The 2026 Federal Budget for Business Owners: What's Actually Material

 

For business owners, the 2026 Federal Budget is less about the property headlines and more about structure. The real question is how the proposed changes affect the way a business is owned, taxed, restructured and eventually sold – and whether owners are positioned to preserve the concessions that matter most when the time comes.

Most of the public commentary has focused on negative gearing and the capital gains tax (CGT) changes for property investors. That coverage is understandable. Residential property is politically louder, easier to explain and more immediately relevant to a broader audience.

But for SME owners, the measures that matter most are not necessarily the loudest ones.

The proposed CGT changes, the new minimum tax on discretionary trusts, the treatment of bucket companies, the permanent extension of the instant asset write-off and the reform of PAYG instalments all point to the same conclusion: structure matters more, timing matters more and the small business CGT concessions matter more than ever.

This article works through what was announced, what remains uncertain and where the practical planning levers sit for business owners.

Two framing points are important.

First, most of the measures discussed in this article are proposed, not legislated. They remain subject to consultation and the final design may differ from what has been announced.

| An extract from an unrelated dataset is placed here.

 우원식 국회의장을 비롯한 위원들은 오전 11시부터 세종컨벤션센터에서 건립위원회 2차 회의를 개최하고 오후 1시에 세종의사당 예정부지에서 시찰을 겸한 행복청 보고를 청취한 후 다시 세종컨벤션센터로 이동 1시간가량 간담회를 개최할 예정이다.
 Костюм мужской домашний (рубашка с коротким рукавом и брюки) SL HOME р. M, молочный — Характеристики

Second, the small business CGT concessions – the concessions that drive many successful business sale outcomes in Australia – are confirmed as unchanged. For SME owners, that continuity may be one of the most important parts of the entire package.

 

A short summary of what was announced

The six measures most directly relevant to business owners:

1. Changes to the 50% CGT discount, from 1 July 2027.

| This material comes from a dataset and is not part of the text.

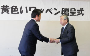 寄贈者を代表して株式会社損害保険ジャパン札幌支店小樽支社・石井剛宏支社長から、中松市長に「黄色いワッペン」が贈呈された。

For individuals, partnerships and trusts holding a CGT asset for more than 12 months, the 50% discount is to be replaced by CPI cost base indexation and a 30% minimum tax on real capital gains.

2. A 30% minimum tax on discretionary trusts, from 1 July 2028.

The trustee of a discretionary trust will pay 30% tax on taxable income at the trustee level, with non-corporate beneficiaries receiving non-refundable credits.

3. Negative gearing changes, from 1 July 2027.

Tax losses from established residential rental properties will only be deductible against other residential property income. New builds are exempt.

4. The $20,000 instant asset write-off is made permanent.

From 1 July 2026, for small businesses with aggregated turnover up to $10 million.

5. PAYG instalments are being reformed.

From 1 July 2027, eligible small and medium businesses will be able to opt in to monthly instalments and dynamic, software-embedded calculations.

6. New personal tax measures.

A $1,000 instant deduction for work-related expenses (from 2026–27) and a $250 Working Australians Tax Offset (from 2027–28).

The balance of this article works through each in turn.

 

The CGT discount changes: the most consequential measure for business sales

Under the current rules, an individual or trust selling a business asset held for more than 12 months reduces the gross capital gain by 50%, then pays tax at marginal rates. For a top-bracket taxpayer at 47%, the effective rate on a nominal gain is 23.5%.

From 1 July 2027, that mechanism changes. The 50% discount is removed for individuals, partnerships and trusts on CGT assets held for more than 12 months. The cost base is instead indexed by CPI and the indexed (real) gain is taxed at the seller's marginal rate, subject to a 30% minimum tax floor.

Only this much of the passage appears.